The Making-It-Up of a Murderer

Kratz

1 / 1 Left, Calumet County District Attorney Kenneth Kratz giving his closing argument in the Steven Avery trial in the courtroom in Chilton, Wis. Police say Kratz sent repeated text messages trying to spark an affair with Stephanie Van Groll, right, a domestic violence victim

 

Like a lot of Americans, our family has been on one side of the law or the other for as far back as we can trace it.  Just this week, I got a note from a reader who said he knew my Grandpa Harve, who was a lawman in Hawkins County, Tn.

Mama spent the last decades of her career working as a nurse inside state prisons in Washington and Alaska. She used to say that it was sometimes not clear which side of the bars the bad guys were on.

We’ve had family on the other side of those bars, too. My uncle spent eleven years locked up in the federal penitentiary in Atlanta. He referred to it as the University of Georgia, because, as he explained, he got the best education of his life there. (He robbed a bank shortly after Daddy died).

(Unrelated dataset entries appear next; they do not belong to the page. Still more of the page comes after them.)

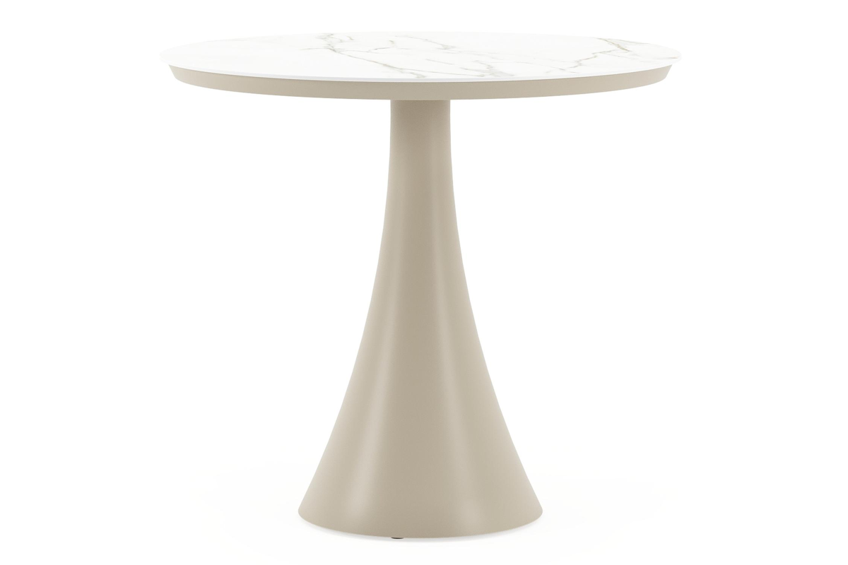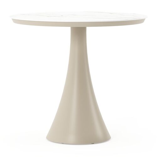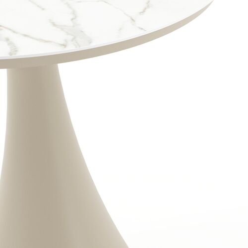 Table de jardin Fano ronde en aluminium beige et céramique pleine Calacatta - Diam. 85 x Haut. 75 cm | Exterioo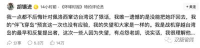 正是胡锡进的煽动,导致爱国群众情绪出现极大落差,对佩洛西专机成功降落深感不满。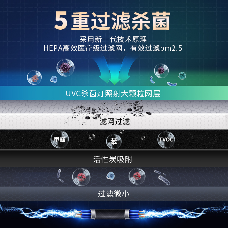 HEPA filter Activated carbon Plasma Ozone Negative ion Electrostatic adsorption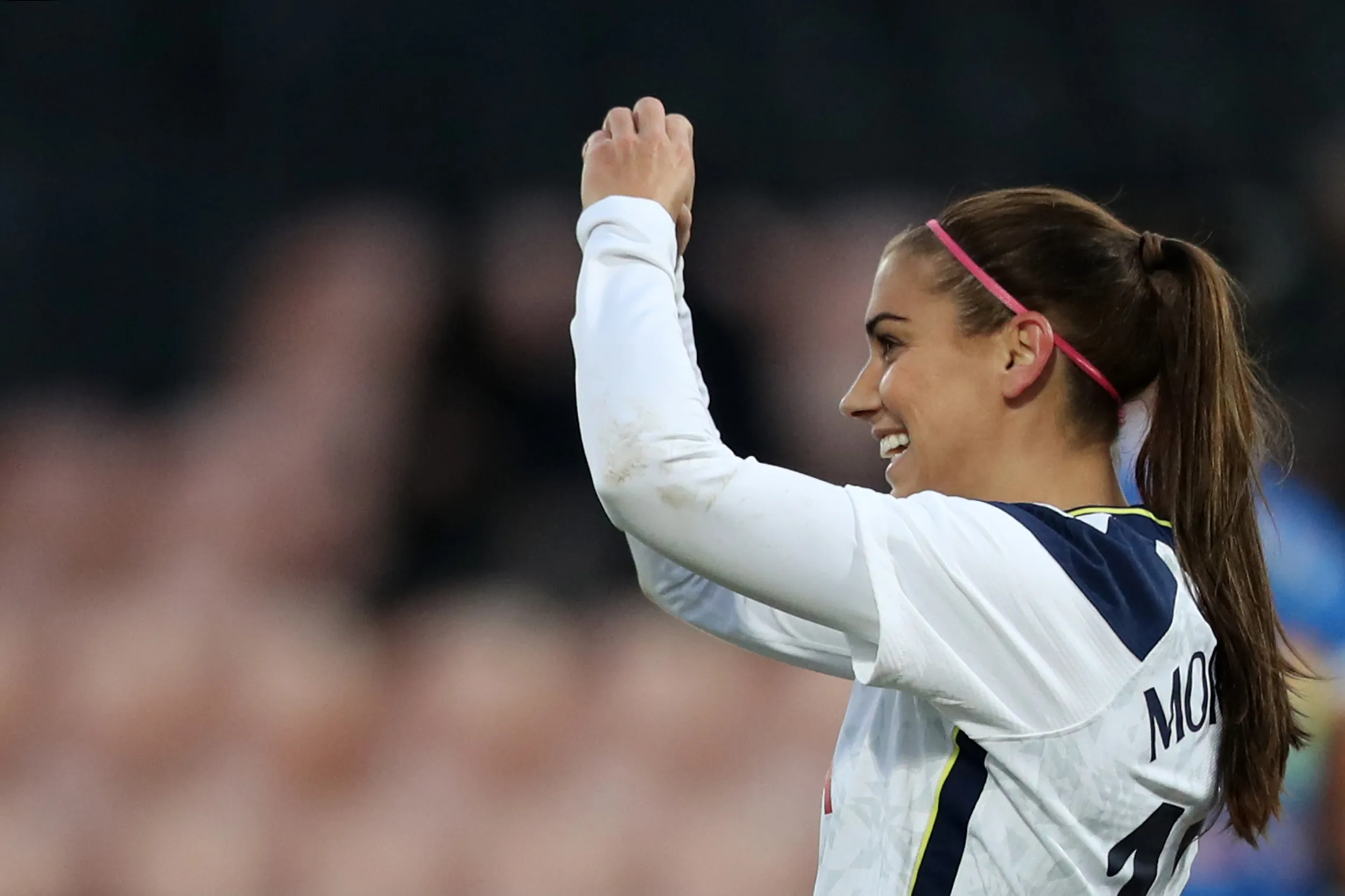 Alex Morgan of Tottenham Hotspur celebrates after scoring their team's third goal and makes a heart shape with her hands towards her Daughter and Husband in the stands watching the match during the Barclays FA Women's Super League match between Tottenham Hotspur Women and Brighton & Hove Albion Women at The Hive on December 06, 2020 in Barnet, England. A limited number of fans are welcomed back to stadiums to watch elite football across England. This was following easing of restrictions on spectators in tiers one and two areas only. (Photo by Naomi Baker/Getty Images)

It was running from the law that first brought our people to the Pacific Northwest. Family rumor is that Mama’s brother robbed a little store up in Christians Bend, TN, and to escape spending time in jail, he ran all the way to Washington State, then sent a postcard to the lawmen back home taunting them “Catch me if you can”, or so that’s the way Mama always told it. A few years back, my son found an old newspaper clipping about that uncle reporting that he was taken into custody in Richland, Washington, just up the road 30 miles from where I live now.

Not sure if that was God’s poetry, but it sure has a poetic feel to it, especially given that’s the same area where I was working as a reporter when I broke the story about our own local sheriff and his corrupt ways. This sheriff liked me as a reporter up until I got wind of a memo he sent demanding that all of his officers cease looking for meth labs in the region. He called me up and left threatening messages on my answering machine, telling me that if I reported that story and the newspaper published it, he would make my life hell.

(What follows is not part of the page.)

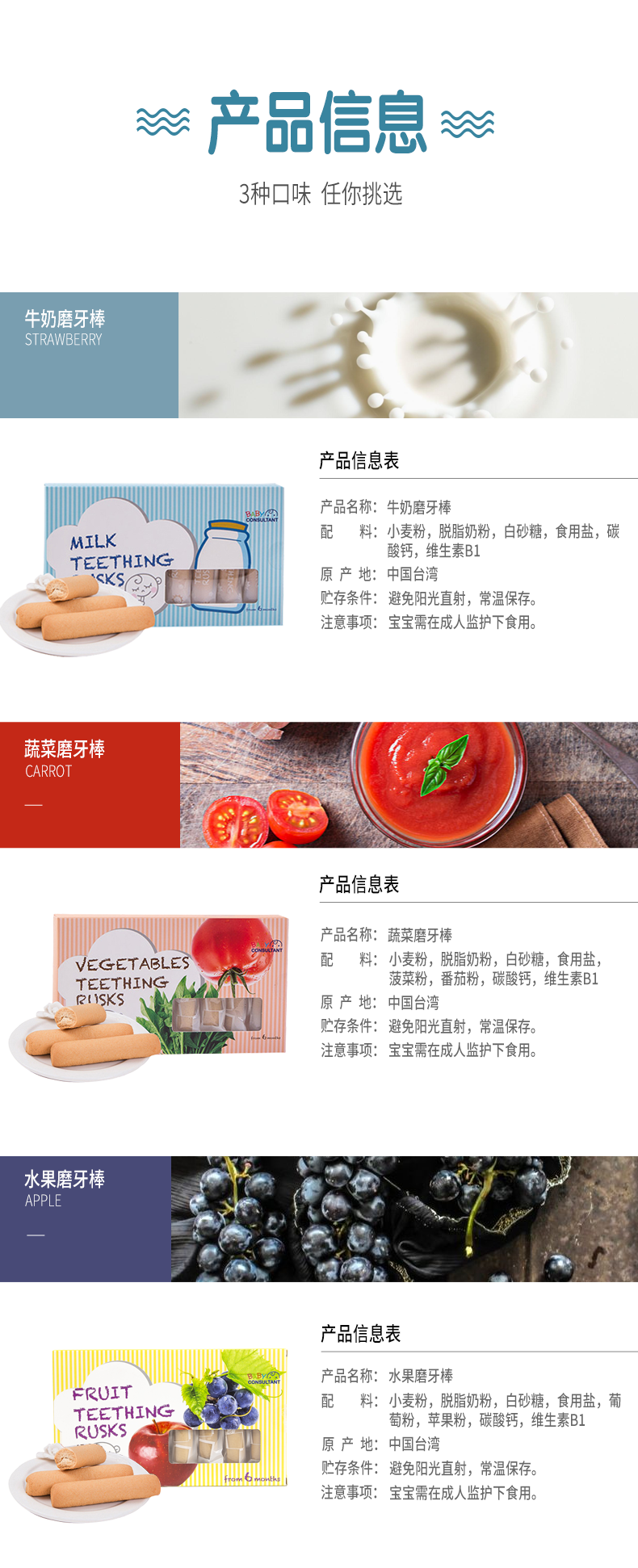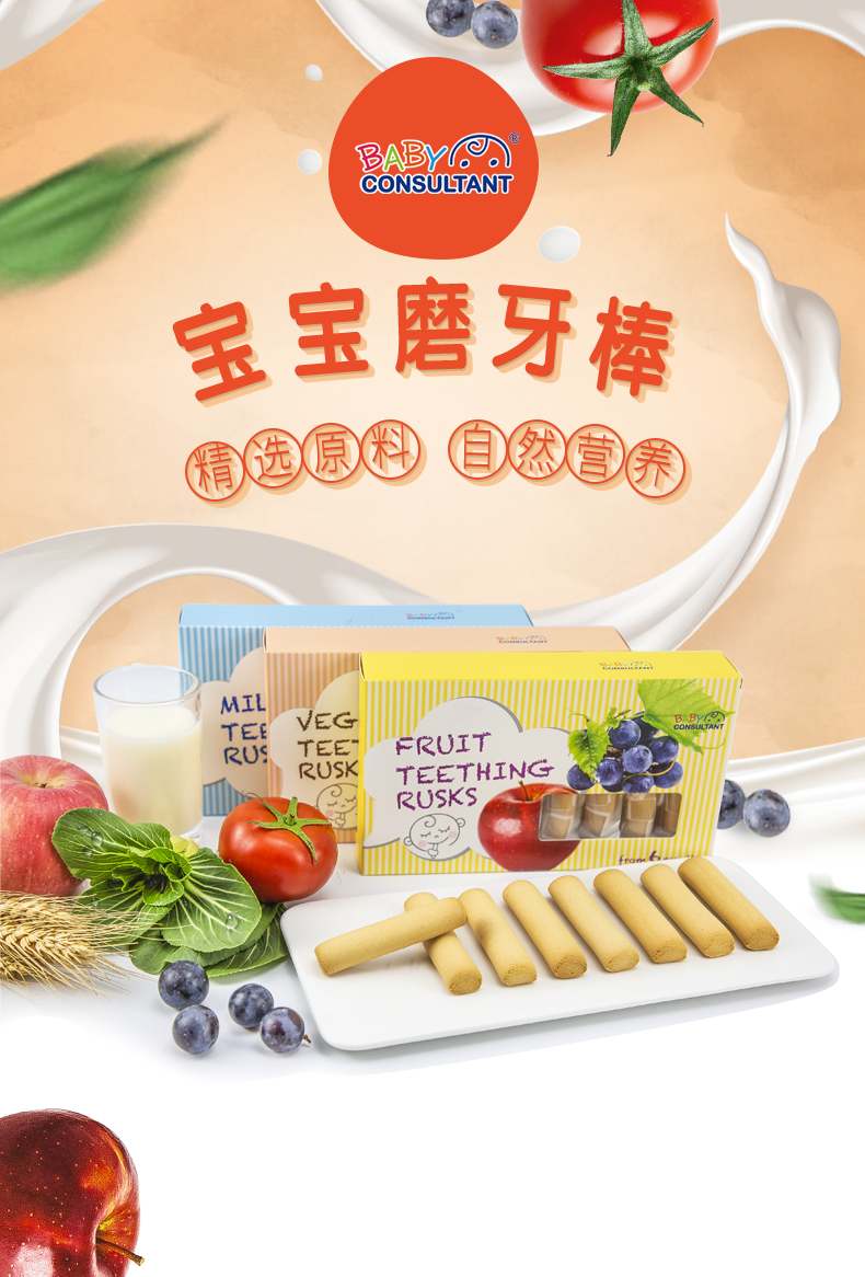 宝贝顾问硬磨牙棒饼干牛奶蔬果味宝宝婴儿磨牙棒辅食儿童零食

It wasn’t long after the story ran that nearly his entire 911 staff quit. Seems the Sheriff had been having an affair with one of his dispatchers, a pretty young single mama. There’s no rule that says a people in the workforce can’t have affairs with one another, in fact it happens all the time. But he was married and his wife wasn’t keen on his fooling around, so word on the street was that she wanted the dispatcher fired. The Sheriff began showing up at the jailhouse during all hours of the day and night, looking for reasons to fire the girl until finally she quit, and when she did, so did a bunch of other dispatchers.

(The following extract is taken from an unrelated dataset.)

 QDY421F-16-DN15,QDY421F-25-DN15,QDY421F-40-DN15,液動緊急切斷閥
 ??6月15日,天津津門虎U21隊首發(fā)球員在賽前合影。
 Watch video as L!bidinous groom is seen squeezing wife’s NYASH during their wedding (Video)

What the Sheriff never understood about the meth lab memo and the dispatchers quitting is that I never did go snooping around for those stories. His own people called me up and told me about them. One of his deputies approached me at a social event and made sure I got a copy of the memo he issued. Several of the dispatchers told me the story about his soliciting sex from their co-worker.

On and on it goes.

So I had very little illusions left about the righteousness of the people who are supposed to be on the right side of the law when I began working on the story of the murder of Karly Sheehan. But whatever naive beliefs I may have been clinging to about right and wrong got washed away in the course of reporting that story. I remain convinced that the District Attorney in that case failed Karly when he refused to bring any charges against Karly’s mother. In a very real way, she got away with murder. And the DA’s reasoning – that Sarah Sheehan had suffered enough – remains one of the most egregious wrongs done to Karly’s father.

I have long held that people who put their trust in our judicial system have misplaced that trust.

Just wait till it happens to you or someone you love, that was the word of warning from the defense lawyers for Steven Avery, the man who is the focus of the advocacy documentary that has dominated the water cooler circuit since the Making of a Murderer was released on  Netflex in mid-December.

If you haven’t seen it, you should.

If you have, you are probably have a lot of thoughts about Wisconsin’s judicial system and Manitowoc County’s law enforcement community.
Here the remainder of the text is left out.